— What you are asked to do —
Starting with the line containing "Siendo jueves 11" and going on through the line containing "La amatista es", return the lines of the data below exactly, and only those.

— Exercise input —
——————

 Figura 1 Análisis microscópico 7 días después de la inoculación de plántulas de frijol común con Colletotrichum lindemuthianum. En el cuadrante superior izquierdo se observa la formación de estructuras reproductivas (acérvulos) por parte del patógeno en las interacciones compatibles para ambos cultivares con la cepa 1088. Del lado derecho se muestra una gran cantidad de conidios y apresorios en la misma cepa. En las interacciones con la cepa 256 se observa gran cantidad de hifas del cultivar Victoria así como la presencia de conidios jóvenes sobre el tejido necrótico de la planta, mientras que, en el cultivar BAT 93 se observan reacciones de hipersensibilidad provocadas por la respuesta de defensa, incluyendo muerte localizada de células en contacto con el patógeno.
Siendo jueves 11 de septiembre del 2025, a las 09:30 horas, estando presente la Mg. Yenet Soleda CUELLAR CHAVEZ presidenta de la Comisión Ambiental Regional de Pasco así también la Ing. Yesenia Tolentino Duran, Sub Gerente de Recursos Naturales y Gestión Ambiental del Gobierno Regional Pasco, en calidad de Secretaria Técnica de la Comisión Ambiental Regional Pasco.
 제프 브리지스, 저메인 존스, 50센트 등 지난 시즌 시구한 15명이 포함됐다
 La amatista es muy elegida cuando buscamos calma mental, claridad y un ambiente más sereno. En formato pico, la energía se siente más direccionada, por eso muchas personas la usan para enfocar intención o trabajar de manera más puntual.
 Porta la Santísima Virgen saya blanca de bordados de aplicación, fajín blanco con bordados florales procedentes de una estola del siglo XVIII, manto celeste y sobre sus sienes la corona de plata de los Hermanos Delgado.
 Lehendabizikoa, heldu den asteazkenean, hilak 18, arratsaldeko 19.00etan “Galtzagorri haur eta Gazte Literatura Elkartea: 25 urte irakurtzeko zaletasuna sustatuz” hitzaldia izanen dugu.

——————

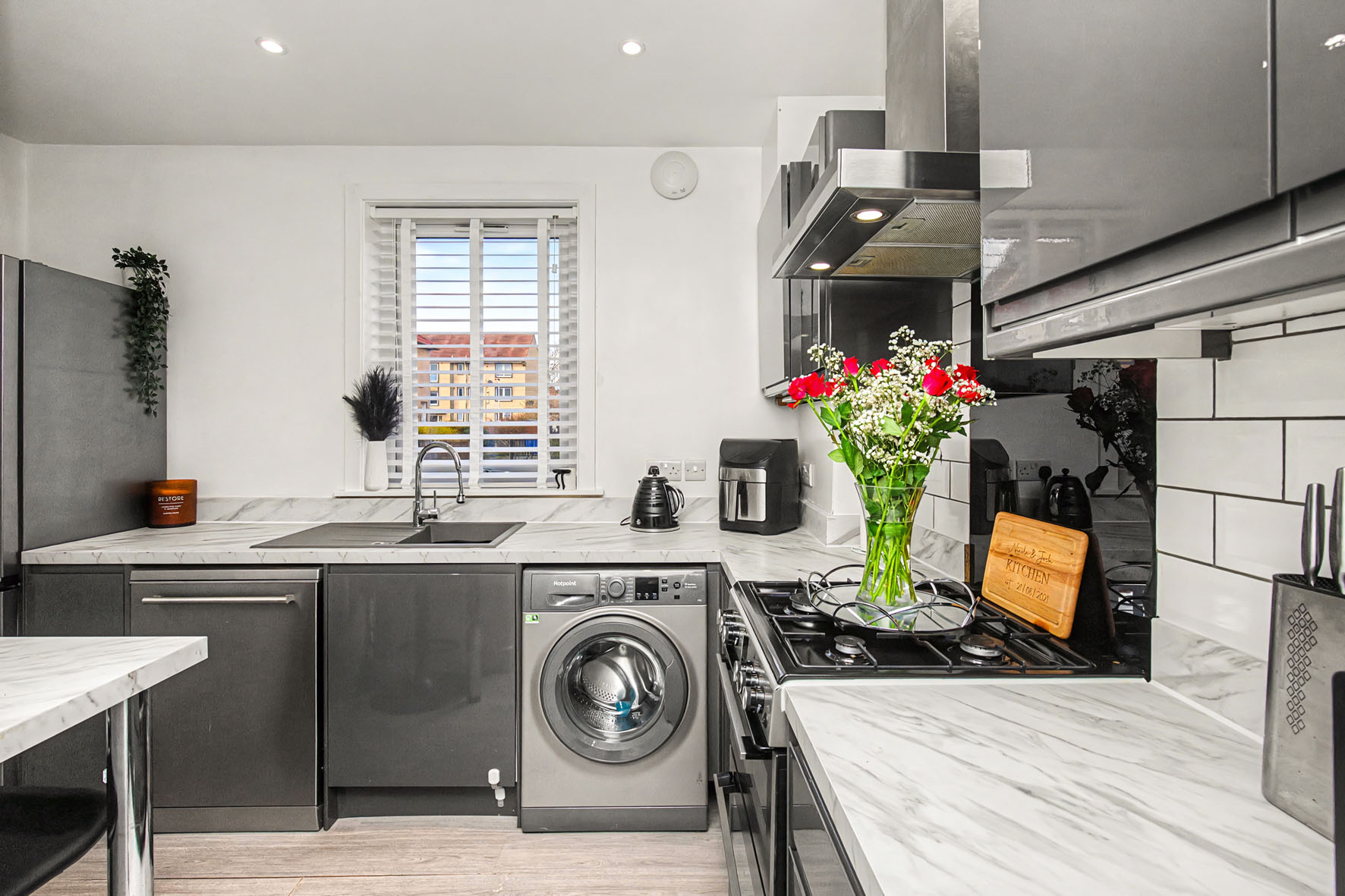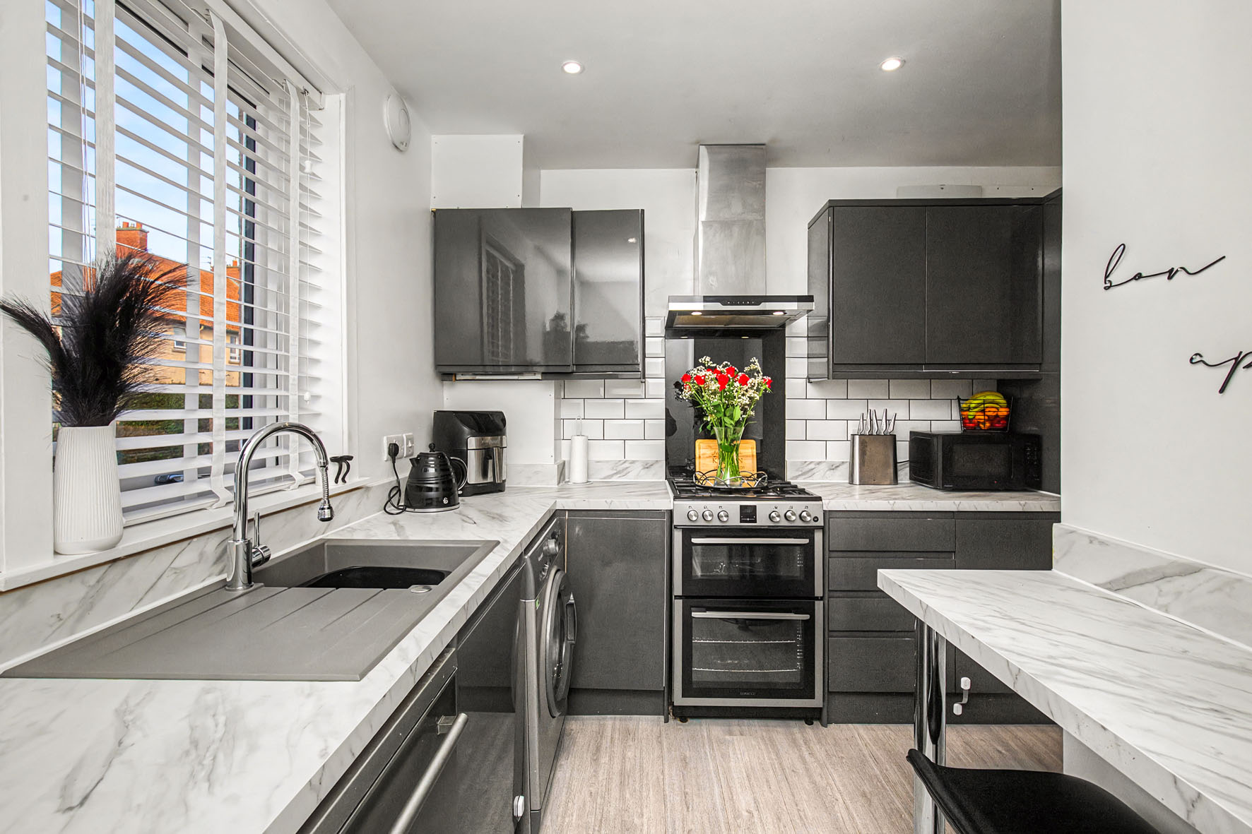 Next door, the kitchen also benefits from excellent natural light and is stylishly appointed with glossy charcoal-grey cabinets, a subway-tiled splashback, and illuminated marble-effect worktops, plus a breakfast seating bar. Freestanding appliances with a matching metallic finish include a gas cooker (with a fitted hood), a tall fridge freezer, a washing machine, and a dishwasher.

——————

— Output of the task —
Siendo jueves 11 de septiembre del 2025, a las 09:30 horas, estando presente la Mg. Yenet Soleda CUELLAR CHAVEZ presidenta de la Comisión Ambiental Regional de Pasco así también la Ing. Yesenia Tolentino Duran, Sub Gerente de Recursos Naturales y Gestión Ambiental del Gobierno Regional Pasco, en calidad de Secretaria Técnica de la Comisión Ambiental Regional Pasco.
 제프 브리지스, 저메인 존스, 50센트 등 지난 시즌 시구한 15명이 포함됐다
 La amatista es muy elegida cuando buscamos calma mental, claridad y un ambiente más sereno. En formato pico, la energía se siente más direccionada, por eso muchas personas la usan para enfocar intención o trabajar de manera más puntual.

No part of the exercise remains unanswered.